When several large multi-state nursing home chains filed for bankruptcy protection in the late 1990s and (unfairly and inaccurately, according to the GAO[13]) blamed their bankruptcies on PPS, Congress responded by increasing Medicare reimbursement rates for SNFs in multiple ways.[14] Although Congress increased the nursing component of all SNF rates by 16.66%,[15] SNFs did not spend the billion-dollar rate increase on nurse staffing, as Congress intended but did not explicitly require. The GAO found, "in the aggregate, SNFs' nurse staffing ratios changed little after the increase in the nursing component of the Medicare payment rate took effect. Overall, SNFs' average nursing time increased by 1.9 minutes per patient day."[16]
In the absence of a SNF-specific wage index, CMS uses the hospital wage index to adjust SNF rates annually. Use of the hospital wage overpays SNFs because, as confirmed by the federal Bureau of Labor Statistics, SNF salaries are lower than those paid to hospital workers.
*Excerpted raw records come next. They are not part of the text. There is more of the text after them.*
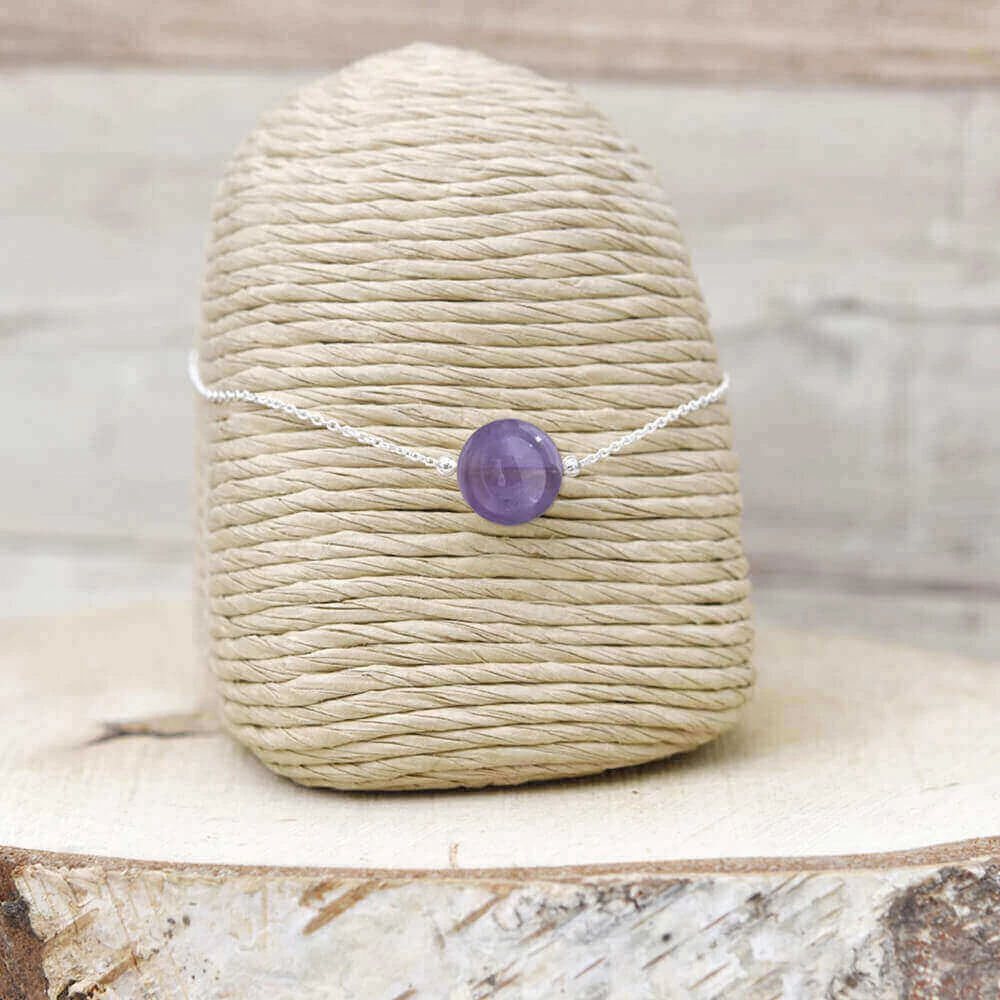 Ce collier ras de cou est composé d’une perle en améthyste naturelle avec 1 petite perle en argent de part et d’autre, le tout monté sur une chaîne en argent.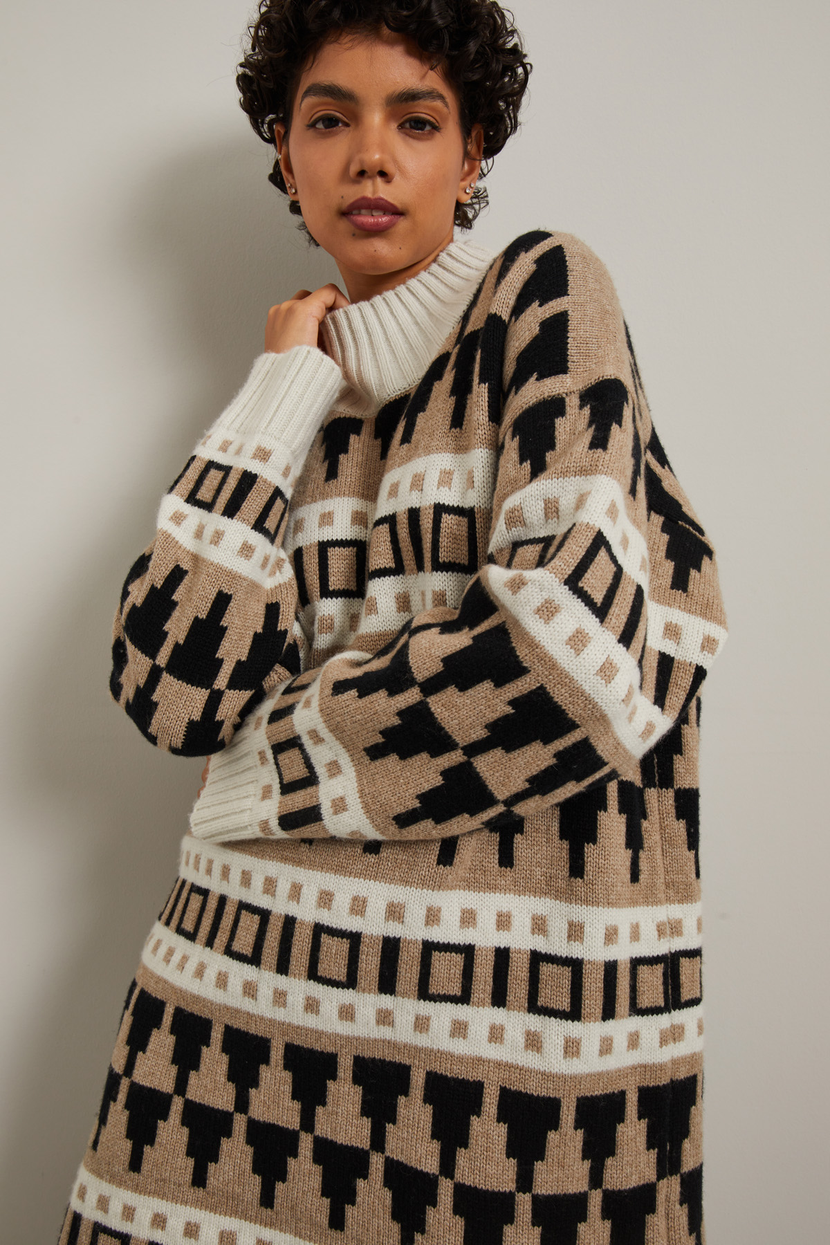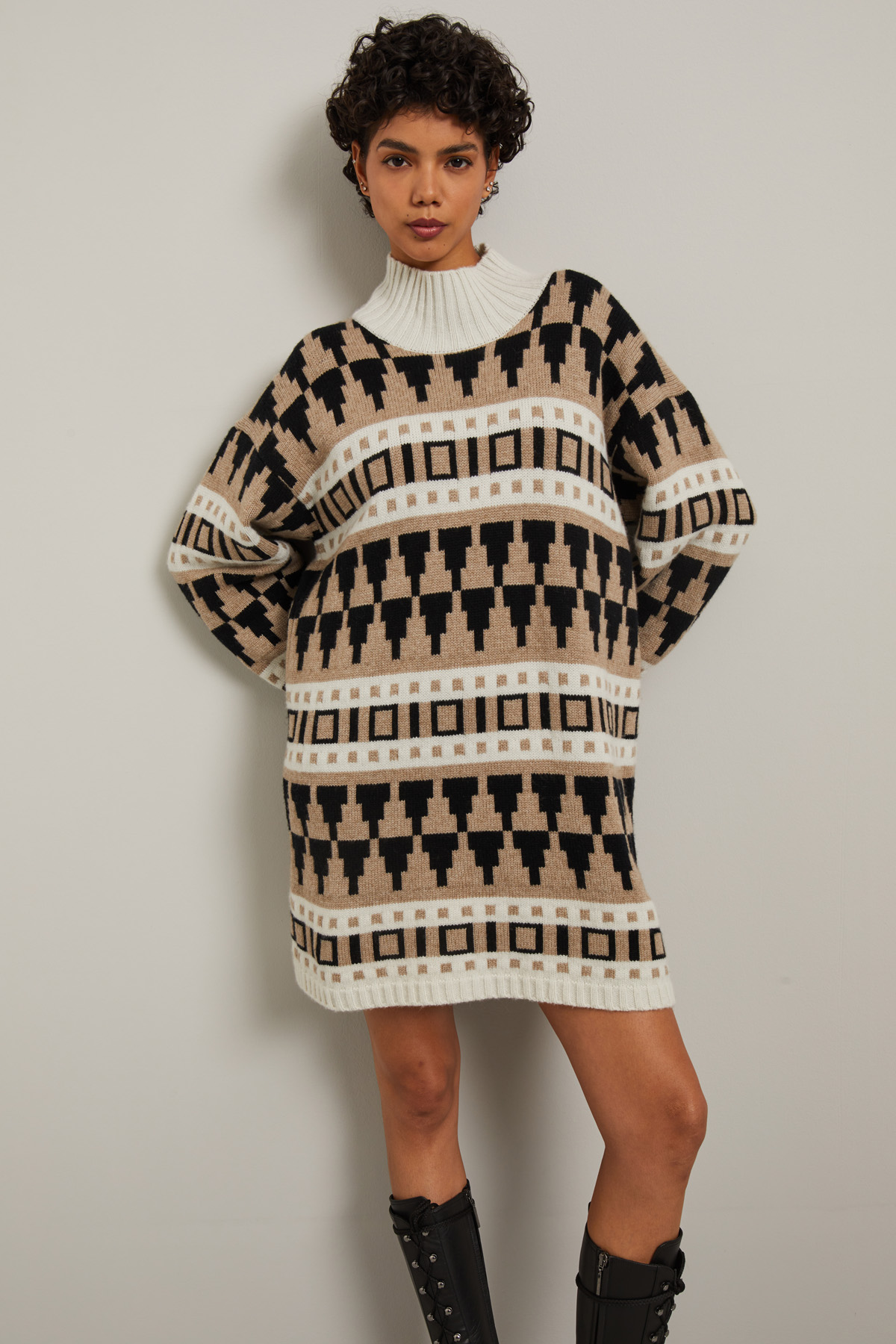 Abito corto dalla linea dritta realizzato in filato di lana e cashmere, con lavorazione jacquard, collo a cratere, maniche lunghe dal giro sceso e profili rifiniti a coste.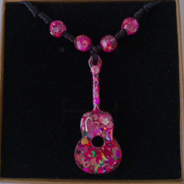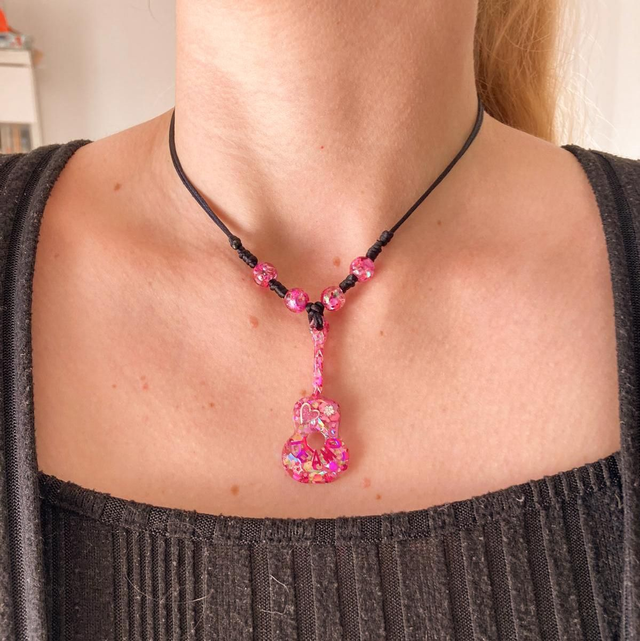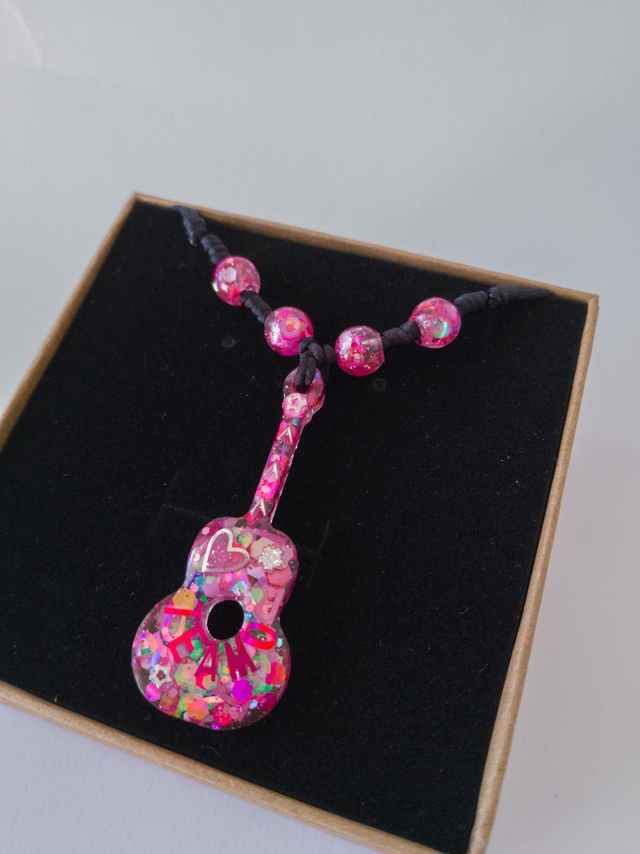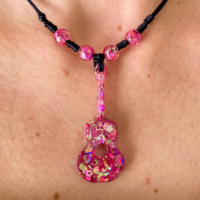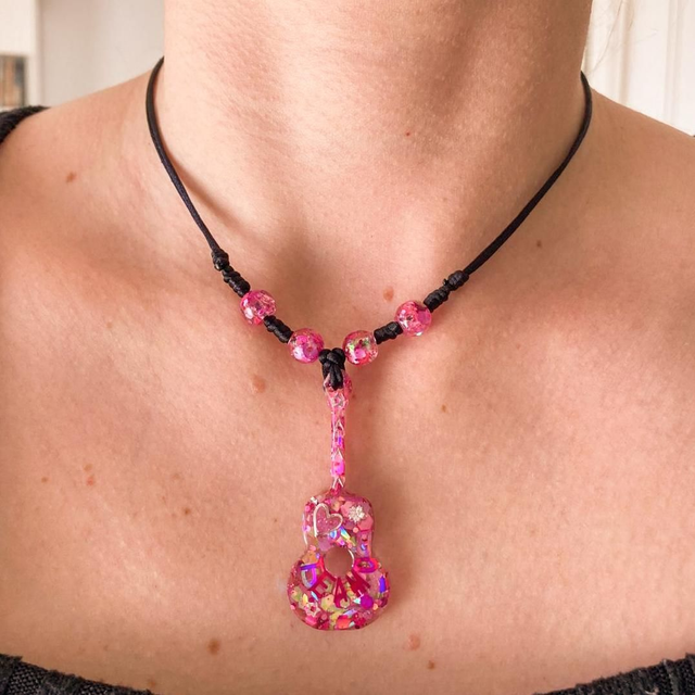 Hecho a mano en tonos rosas luminosos, su colgante de guitarra simboliza el amor fuerte, la ternura y los sentimientos sinceros. Es delicado, pero con mucha personalidad.

CMS is considering MedPAC's recommendation to develop a SNF-specific wage index.[17]
Health Reform Will Do More to Rein in Medicare Waste
The health reform bills passed by the three committees in the House of Representatives all address waste in the Medicare SNF payment system (PPS). If the House language concerning SNF reimbursement is enacted into law, Congress would freeze the market basket, as MedPAC recommended; incorporate productivity improvement; and change the recalibration factor to retain the budget neutrality that CMS intended when it expanded the number of resident classifications under PPS from 44 to 53. While making these reductions, the House bills also recognize the need for increased reimbursement, under certain circumstances. H.R. 3200 specifically recognizes the need for upward adjustments in non-therapy ancillary costs for certain very high-cost residents (such as those needing ventilators) and, for the first time in the SNF PPS, includes an outlier payment system for very high costs that exceed the existing payment scale.
Conclusion
CMS has taken strong steps to eliminate some of the waste and overpayments to SNFs that have been well-documented by MedPAC and the GAO for many years. In the final regulations published in August, CMS eliminated the look-back period; recalibrated the rates to maintain budget neutrality; revised the rules for concurrent therapy; and is considering development of a SNF-specific wage index. These changes and the changes included in H.R. 3200 should not result in reduced staffing and quality of care, as suggested by the nursing home industry. Instead, they will improve the integrity of the Medicare program by ensuring that SNFS are reimbursed accurately and fairly for the services they actually provide.